[EXERCISE MATERIALS Boundary: Start]

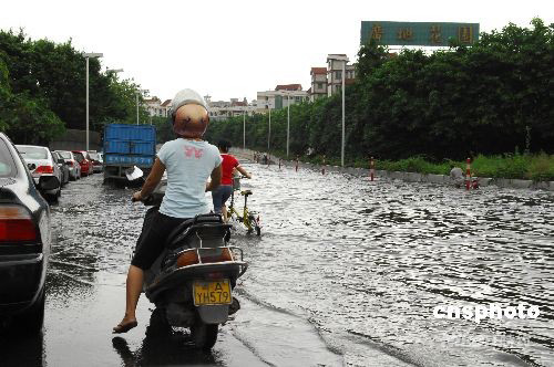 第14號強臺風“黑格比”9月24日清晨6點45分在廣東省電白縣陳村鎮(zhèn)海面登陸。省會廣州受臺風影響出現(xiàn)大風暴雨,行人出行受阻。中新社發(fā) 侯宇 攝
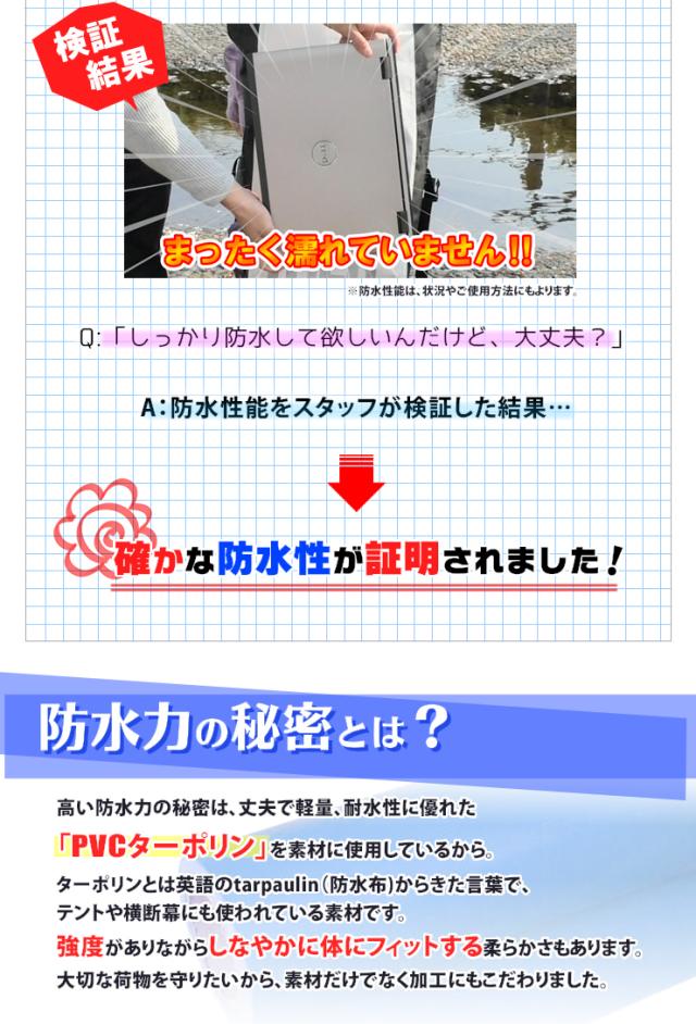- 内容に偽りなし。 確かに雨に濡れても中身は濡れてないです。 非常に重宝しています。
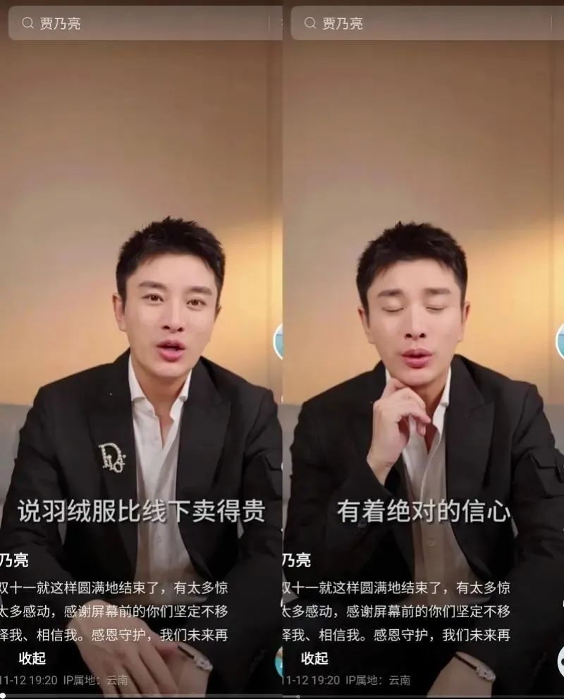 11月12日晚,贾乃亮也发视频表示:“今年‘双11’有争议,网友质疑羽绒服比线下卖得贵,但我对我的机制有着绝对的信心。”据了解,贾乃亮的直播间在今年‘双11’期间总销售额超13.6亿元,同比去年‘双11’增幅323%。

[EXERCISE MATERIALS Boundary: End]
[EXERCISE MATERIALS Boundary: Start]

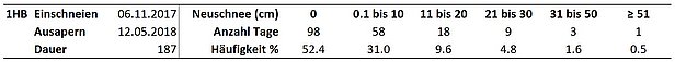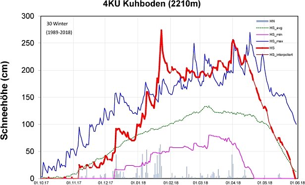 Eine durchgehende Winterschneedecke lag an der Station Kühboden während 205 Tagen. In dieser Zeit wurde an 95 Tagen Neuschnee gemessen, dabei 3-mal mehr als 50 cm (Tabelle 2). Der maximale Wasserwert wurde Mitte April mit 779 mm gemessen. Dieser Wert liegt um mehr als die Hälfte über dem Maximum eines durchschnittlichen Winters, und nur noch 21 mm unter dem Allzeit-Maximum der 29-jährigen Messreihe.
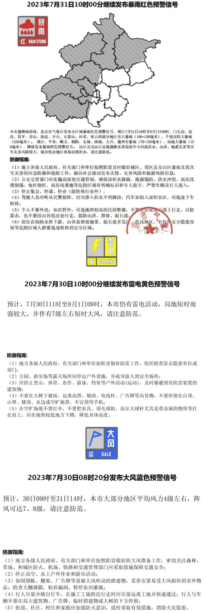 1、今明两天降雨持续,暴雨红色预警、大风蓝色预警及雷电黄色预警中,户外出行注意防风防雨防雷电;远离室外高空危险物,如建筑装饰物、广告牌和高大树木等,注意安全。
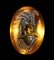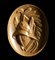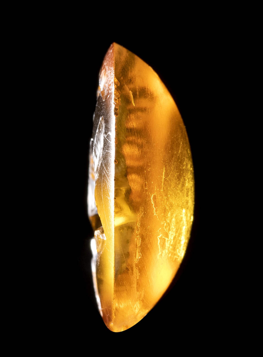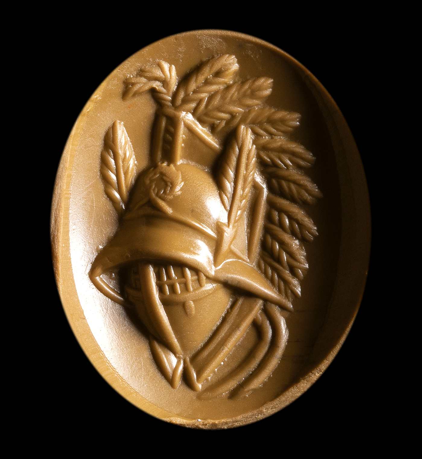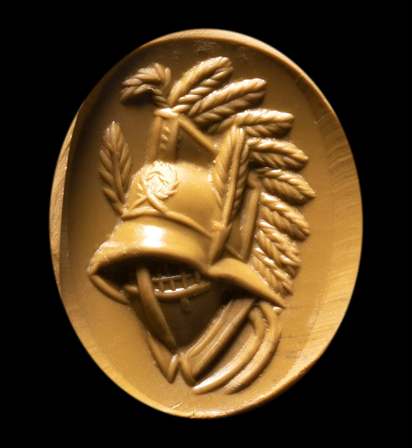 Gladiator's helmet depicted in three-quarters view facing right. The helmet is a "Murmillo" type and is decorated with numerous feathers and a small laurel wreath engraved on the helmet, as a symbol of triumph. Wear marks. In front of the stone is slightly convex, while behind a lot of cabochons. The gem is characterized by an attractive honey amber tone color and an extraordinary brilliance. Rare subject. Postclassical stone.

[EXERCISE MATERIALS Boundary: End]

▸ REQUIRED ACTION
Look above for the line containing "Eine durchgehende Winterschneedecke" and the line containing "Gladiator's helmet depicted", then reproduce both and everything between them exactly, pictures omitted.

▸ SOLUTION TO THE EXERCISE
 Eine durchgehende Winterschneedecke lag an der Station Kühboden während 205 Tagen. In dieser Zeit wurde an 95 Tagen Neuschnee gemessen, dabei 3-mal mehr als 50 cm (Tabelle 2). Der maximale Wasserwert wurde Mitte April mit 779 mm gemessen. Dieser Wert liegt um mehr als die Hälfte über dem Maximum eines durchschnittlichen Winters, und nur noch 21 mm unter dem Allzeit-Maximum der 29-jährigen Messreihe.
 1、今明两天降雨持续,暴雨红色预警、大风蓝色预警及雷电黄色预警中,户外出行注意防风防雨防雷电;远离室外高空危险物,如建筑装饰物、广告牌和高大树木等,注意安全。
 Gladiator's helmet depicted in three-quarters view facing right. The helmet is a "Murmillo" type and is decorated with numerous feathers and a small laurel wreath engraved on the helmet, as a symbol of triumph. Wear marks. In front of the stone is slightly convex, while behind a lot of cabochons. The gem is characterized by an attractive honey amber tone color and an extraordinary brilliance. Rare subject. Postclassical stone.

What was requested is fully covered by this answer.